Gold Medal is AIA's highest honor

The architects are the first duo to win the award

Past recipients include Frank Lloyd Wright (1949), Le Corbusier (1961), and Moshe Safdie (2015).

CNN  — 

Denise Scott Brown and Robert Venturi have collaborated for 55 years, generating popular appreciation for architecture with whimsical forms that play off historical precedents and their writing in support of everyday building types that might otherwise be ignored.

This deeply intelligent partnership cracked open the hegemony of doctrinaire Modernism, inviting us to reconsider the lessons of history and to invest our cities with the richness inherent in place, culture, and time.

AIA Gold Medal 2016 winners Denise Scott Brown and Robert Venturi

Venturi’s 1966 book “Complexity and Contradiction in Architecture,” and Venturi and Scott-Brown’s 1972 book “Learning from Las Vegas” (with Steven Izenour) remain more than required reading for every architecture student.

They are touchstones for three generations of architects in thinking critically and designing thoughtfully. Together, the books draw in cultural observations, field research, historical context, and a deep understanding of architecture as a creative field as well as a multifarious vocation.

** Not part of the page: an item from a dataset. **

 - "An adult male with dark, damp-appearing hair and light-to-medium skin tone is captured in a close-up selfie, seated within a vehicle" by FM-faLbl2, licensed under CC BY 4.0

“At the intersection of historicism and pop art, Bob and Denise began a conversation in 1960 that continues to change our profession and profoundly influence how each of us as architects can change the world,” the architect Frank Gehry has said about their partnership.

Together, the pair run the firm Venturi, Scott Brown and Associates (VSBA)

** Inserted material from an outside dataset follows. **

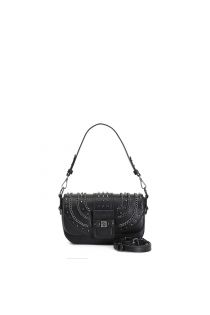 Bolso de hombro con tachuelas y cadenas. placa metálica con logotipo cafènoir. cierre doble con cremallera magnética. bolso con bandolera ajustable.
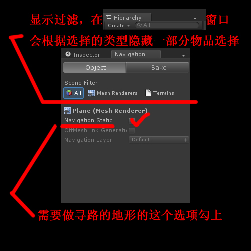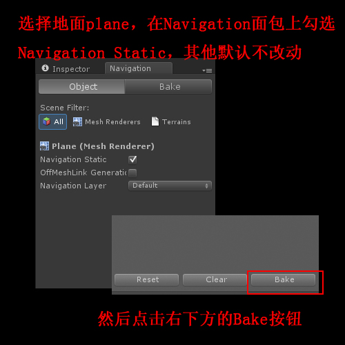 還記得剛開始介紹的Navigation面板嗎?選擇地面(plane),在Navigation面板里面里面勾選Navigation Static選項,其他的默認不改動。

“Two great intellects, instead of one ego, they broke open the field of architecture to revisit history in a freshly modern way.”

Since the completion of Venturi’s Vanna Venturi House in Chestnut Hill, Pennsylvania, in 1964, the pair has been creating buildings, places, books and objects that inspire affection from their users.

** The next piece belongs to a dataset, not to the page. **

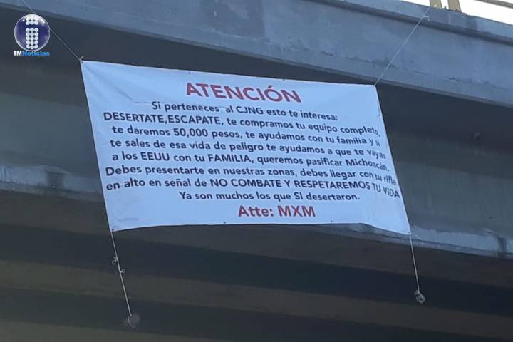 NOTICIAS 17/06/2020Aparecen narcomantas en las que invitan a sicarios de grupo rival a desertarVarias narcomantas fueron colocadas por desconocidos en diversos puntos en Zamora, Lázaro Cárdenas y en Pátzcuaro. En ellas fue escrito un mensaje de invitación para que pistoleros de un grupo criminal de Jalisco deserten y a cambio les ofrecen dinero y salir del país a los Estados Unidos. Los narcomensajes estaban firmados por una célula delictiva rival, según informaron contactos policiacos.

Bold, graphical forms instantly please even the most casual passerby at the Guild House, a 1964 senior housing building in Philadelphia, as well as in their most recent major project, the chapel at Episcopal Academy, built in Newtown Square, Pennsylvania in 2008.

The Episcopal Academy Chapel, Newtown Square, Pennsylvania

Brown, born in 1931 in Northern Rhodesia, and Venturi, born in 1925 in Philadelphia, joined each other in marriage and in a formal practice in 1967. One cannot speak about the thinking and theory of one partner without speaking about the contributions and support of the other; they are as unified as two halves of the same, luminous brain.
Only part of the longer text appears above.